Patient Experiences and Healing in Niigata
Patients in Niigata, especially those from rural communities like Sado Island, often share stories of healing that defy medical logic, such as sudden remissions after local shrine visits or prayers at the historic Yahiko Shrine. These narratives, documented in the book's spirit, offer hope to those facing chronic illnesses like cardiovascular disease, which is prevalent in the region due to dietary habits. Doctors at Nagaoka Red Cross Hospital have noted that patients who integrate these spiritual experiences with treatment often show improved emotional and physical outcomes.
The book's message of hope resonates deeply in a region that has endured natural disasters, such as the 2004 Chuetsu earthquake. Many survivors attribute their recovery to a combination of medical care and unexplainable events, like visions of rescuers in times of despair. By sharing these stories, physicians in Niigata foster a sense of community resilience, reminding patients that healing is not just clinical but deeply personal and sometimes miraculous.

Medical Fact
The human body contains approximately 60,000 miles of blood vessels â enough to wrap around the Earth more than twice.
Physician Wellness and the Power of Sharing Stories in Niigata
For physicians in Niigata, where long hours and high patient volumes are common at facilities like Niigata City General Hospital, the act of sharing stories becomes a vital tool for wellness. The book encourages doctors to recount their own encounters with the unexplained, breaking the silence that often leads to burnout. Local medical associations have begun hosting storytelling circles, inspired by the book, where physicians discuss cases of synchronicity or mysterious recoveries, fostering a supportive community.
This practice is particularly relevant in a culture where stoicism is valued, and emotional burdens are often carried alone.
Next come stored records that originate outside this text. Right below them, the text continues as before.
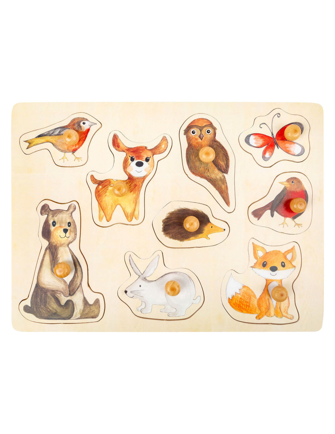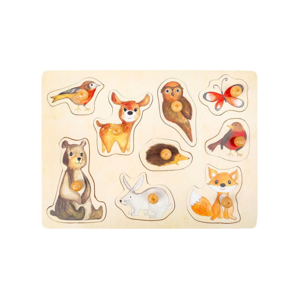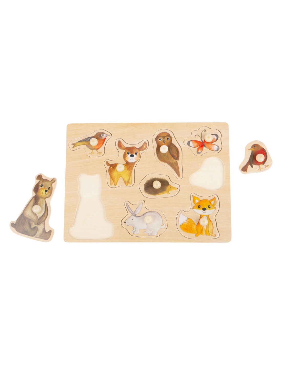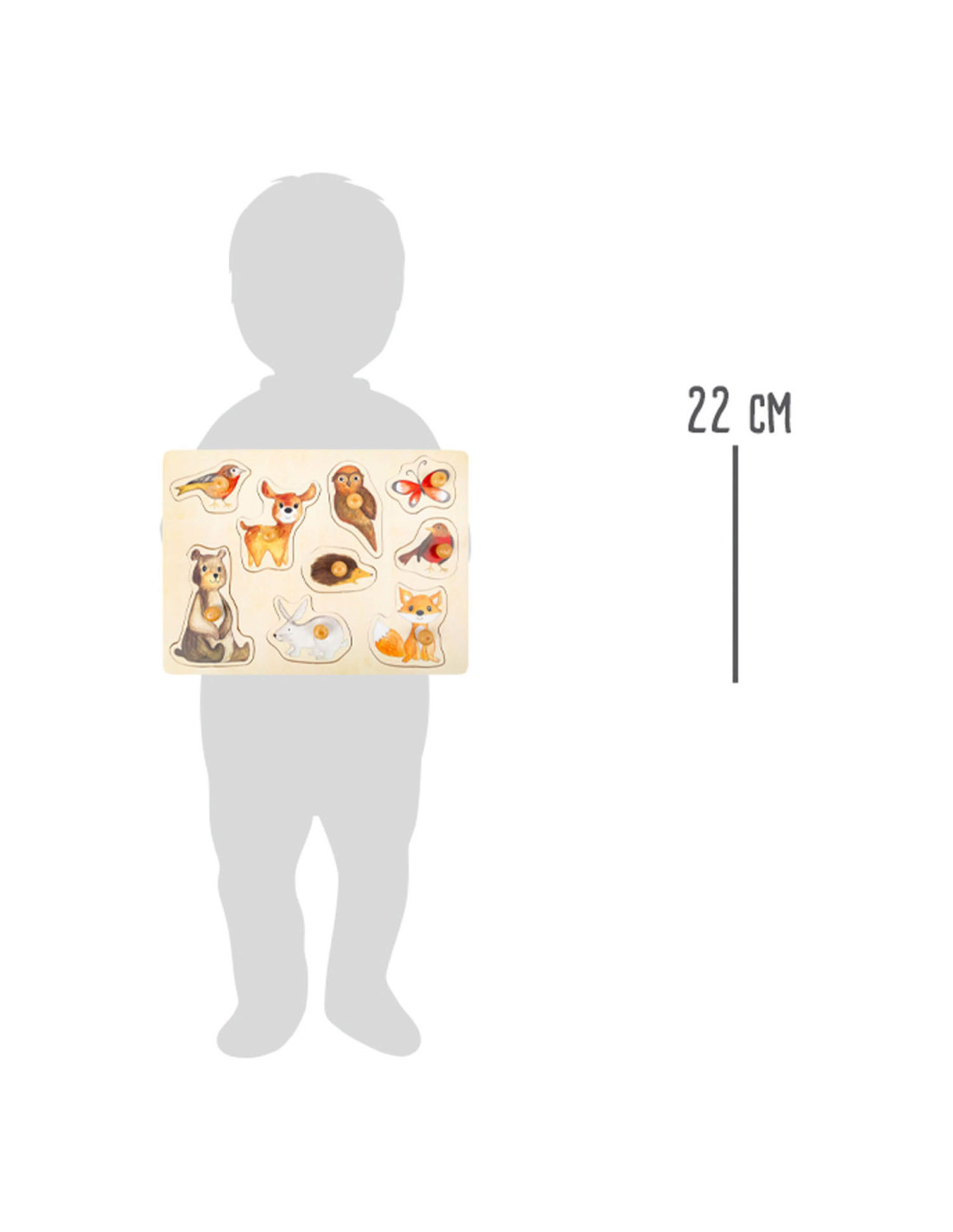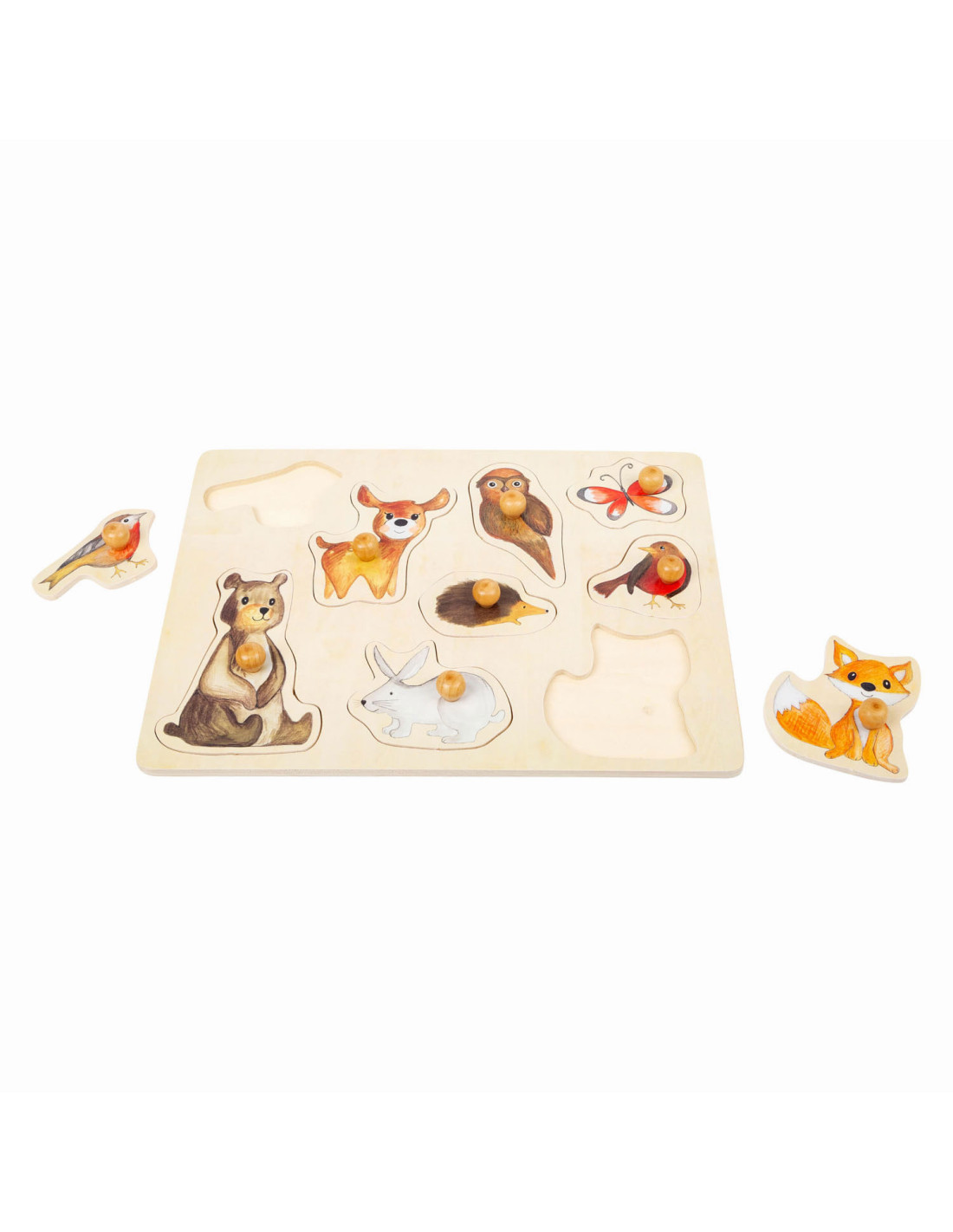 Snel naar het bos! Deze robuuste houten puzzel bevat liefdevol geïllustreerde puzzelstukken met houten knoppen uit de themawereld bosdieren. De puzzelstukjes kunnen gemakkelijk door jonge kinderen worden vastgepakt en in de voorgesneden posities worden geplaatst, wat op een speelse manier hun fijne motoriek en geduld traint.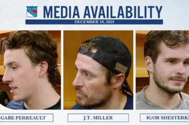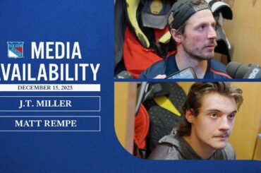Le capitaine des Rangers de New York, JT Miller, et l’attaquant Matt Rempe, parlent avec les médias après la défaite…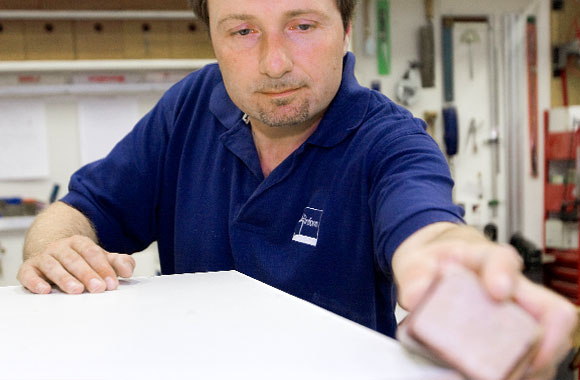 Mit dem Auge für Passgenauigkeit und viel Fingerspitzengefühl für makellose Oberflächen perfektionieren wir Ihr Möbel in reiner Handarbeit.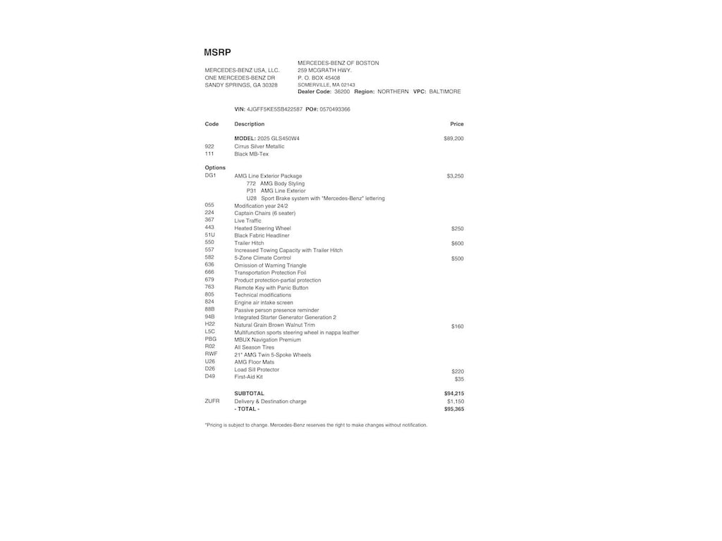AMG® LINE EXTERIOR: AMG® Rear Apron, black diffuser-look insert and chrome trim strip, AMG® Side Skirts in Body Color, Large Front Brake System, larger brake discs at the front axle, AMG® Brushed Stainless Steel Sports Pedals, black rubber studs, AMG® Floor Mats, AMG® Sport 3-Twin-Spoke Steering Wheel, flattened bottom, embossed nappa leather, silver chrome shift paddles, gloss black and silver spokes and touch control panels, Front and Rear Flared Wheel Arches in Body Color, AMG® Bodystyling, AMG® front apron w/air outlets in the wheel arch linings, TRAILER HITCH: increased towing capacity, 5-ZONE CLIMATE CONTROL: additional air vents in the headliner, HEATED STEERING WHEEL, LOAD SILL GUARD.
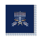 Our Modern Hanukkah Menorah Cocktail Napkins feature a deep navy background with a beautifully illustrated menorah surrounded by soft botanical details and finished with an intricate lace-inspired edge. Elegant and timeless, they’re perfect for serving cocktails, desserts, or small bites during Hanukkah gatherings and celebrations.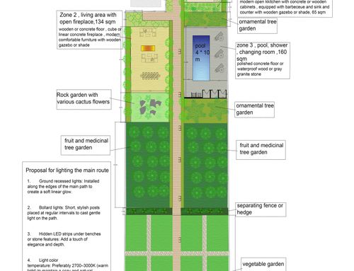 The garden to be designed has a surface area of approximately 3,000 m², with a long and narrow layout — 24 meters wide and 125 meters long.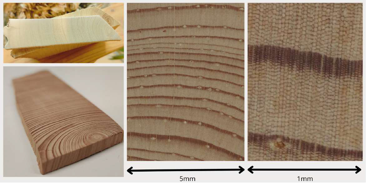 The samples were washed in 96 % ethanol using a Soxhlet extractor for at least 48 h, or until they no longer discoloured the solvent. The deadwood samples were sawn into slices approximately 4 mm thick before washing. The samples were then sanded with progressively finer sandpaper up to 800 grit. Digital images of the samples were taken using the Skippy image-capturing system (Gärtner et al., 2024), integrated with a Sony Alpha 7R IV 61-megapixel camera, capable of producing images at resolutions up to 6000 dpi. At this resolution, well-prepared wood samples in good condition, allow for the distinction between cell walls and the lumen. Figure 3 shows a section cut from a disk of deadwood where the heartwood has remained in excellent condition despite many centuries on the ground. Note the abundance of resin ducts, which is typical of the pine wood from this site. Tree-ring width (TRW) measurements were conducted with CooRecorder (version 9.4; Larsson, 2014) and cross-dated using CDendro (Larsson, 2014) and COFECHA (Holmes, 1983). In addition to TRW, earlywood and latewood widths were also measured. Although these parameters were not incorporated into the final precipitation reconstruction, they were retained for use in the climate–growth relationship analysis.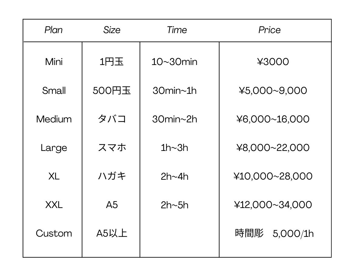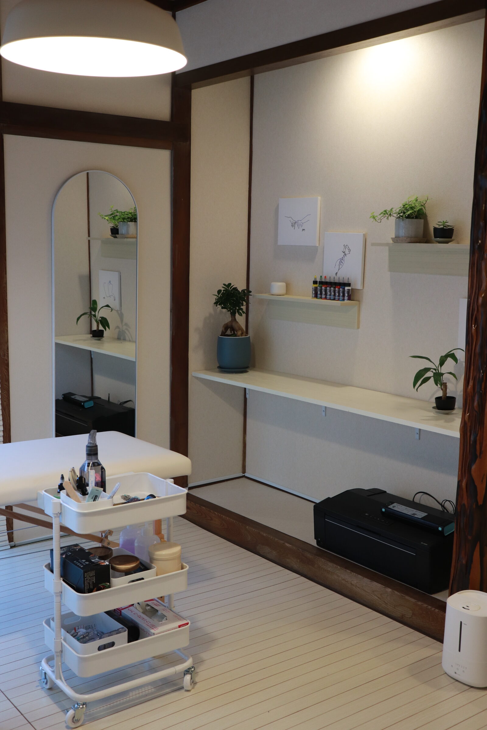 ご来店時に、アーティストと再度デザイン内容や施術場所の確認をしていただき施術に移ります。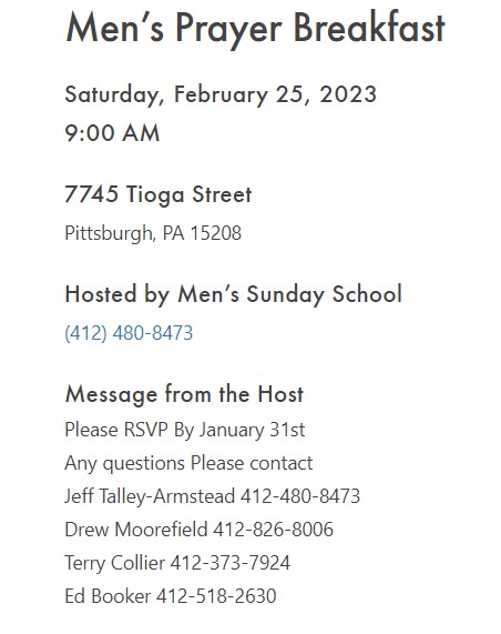 Men’s Fellowship Calendar Add to Calendar Add to Timely Calendar Add to Google Add to Outlook Add to Apple Calendar Add to other calendar Export to XML When: February 25, 2023 @ 9:00 am – 11:00 am 2023-02-25T09:00:00-05:00 2023-02-25T11:00:00-05:00 Where: Bethany Baptist Church 7745 Tioga St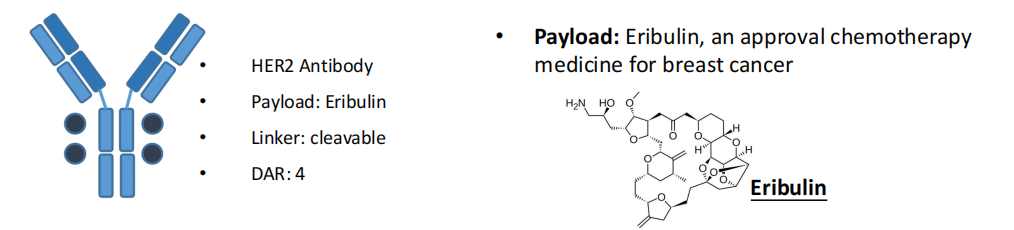 SMP-656是一款靶向HER2的抗体偶联药物,其创新性地采用了新型毒素艾立布林作为有效载荷,药物抗体比值为4,并基于亲水稳定的可裂解连接子进行偶联。在临床前研究中,该药物在多个模型中均展现出良好的抗肿瘤活性,尤其在DS-8201耐药的乳腺癌和胃癌模型中观察到了明确的疗效。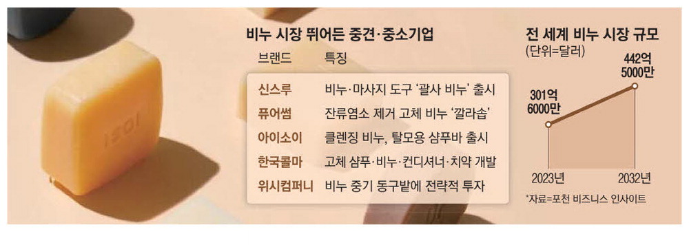 글로벌 시장조사기관 포천 비즈니스 인사이트에 따르면 세계 비누 시장 규모는 지난해 301억6000만달러에서 올해 312억5000만달러로 3.6% 증가할 것으로 예상된다. 2032년에는 442억5000만달러까지 커질 전망이다.

By normalizing these conversations, the book helps Niigata's doctors reconnect with the human side of medicine. Sharing stories not only validates their experiences but also reduces stress, reminding them that they are part of a larger narrative of healing that transcends the purely scientific.

Ghost Traditions and Supernatural Beliefs in Japan
Japan has one of the world's most sophisticated and deeply embedded ghost traditions, known collectively as yĆ«rei (ćčœé) culture. Unlike Western ghosts, Japanese spirits are categorized by type: onryĆ are vengeful ghosts driven by hatred or jealousy, goryĆ are spirits of the aristocratic dead who cause calamity, and ubume are the ghosts of mothers who died in childbirth. The most famous onryĆ, Oiwa from the kabuki play 'Yotsuya Kaidan' (1825), is so powerful that the cast and crew traditionally visit her grave before every performance to prevent disaster.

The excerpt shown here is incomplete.